* What to do *
Please filter the data below down to the lines holding the string "chic".

[[ Task inputs open ]]

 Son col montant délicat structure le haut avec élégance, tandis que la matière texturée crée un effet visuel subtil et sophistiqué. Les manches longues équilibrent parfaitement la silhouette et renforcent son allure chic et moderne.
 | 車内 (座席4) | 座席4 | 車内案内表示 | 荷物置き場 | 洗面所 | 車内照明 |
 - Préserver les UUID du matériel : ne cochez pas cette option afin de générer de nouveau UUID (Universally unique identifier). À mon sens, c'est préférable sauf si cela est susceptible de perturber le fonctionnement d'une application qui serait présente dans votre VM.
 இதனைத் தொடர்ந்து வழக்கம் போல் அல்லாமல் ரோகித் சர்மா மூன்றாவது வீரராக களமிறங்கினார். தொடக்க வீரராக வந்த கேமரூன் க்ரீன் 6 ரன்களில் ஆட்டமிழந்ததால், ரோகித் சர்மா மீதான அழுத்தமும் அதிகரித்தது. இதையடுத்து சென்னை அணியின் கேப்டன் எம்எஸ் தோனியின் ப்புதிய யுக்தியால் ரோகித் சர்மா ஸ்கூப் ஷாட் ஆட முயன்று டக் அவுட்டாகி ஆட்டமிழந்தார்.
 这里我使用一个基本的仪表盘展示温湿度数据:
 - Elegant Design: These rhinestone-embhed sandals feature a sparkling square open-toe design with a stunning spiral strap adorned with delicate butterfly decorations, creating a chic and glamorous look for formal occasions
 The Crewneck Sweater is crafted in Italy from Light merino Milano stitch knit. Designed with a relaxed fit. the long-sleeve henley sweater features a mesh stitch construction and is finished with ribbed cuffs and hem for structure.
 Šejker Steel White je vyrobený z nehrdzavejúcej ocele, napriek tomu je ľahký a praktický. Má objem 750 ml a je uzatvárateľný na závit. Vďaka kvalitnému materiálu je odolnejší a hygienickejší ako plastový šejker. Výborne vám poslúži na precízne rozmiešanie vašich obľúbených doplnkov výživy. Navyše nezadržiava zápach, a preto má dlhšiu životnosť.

[[ Task inputs closed ]]

* Answer to this exercise *
 Son col montant délicat structure le haut avec élégance, tandis que la matière texturée crée un effet visuel subtil et sophistiqué. Les manches longues équilibrent parfaitement la silhouette et renforcent son allure chic et moderne.
 - Elegant Design: These rhinestone-embhed sandals feature a sparkling square open-toe design with a stunning spiral strap adorned with delicate butterfly decorations, creating a chic and glamorous look for formal occasions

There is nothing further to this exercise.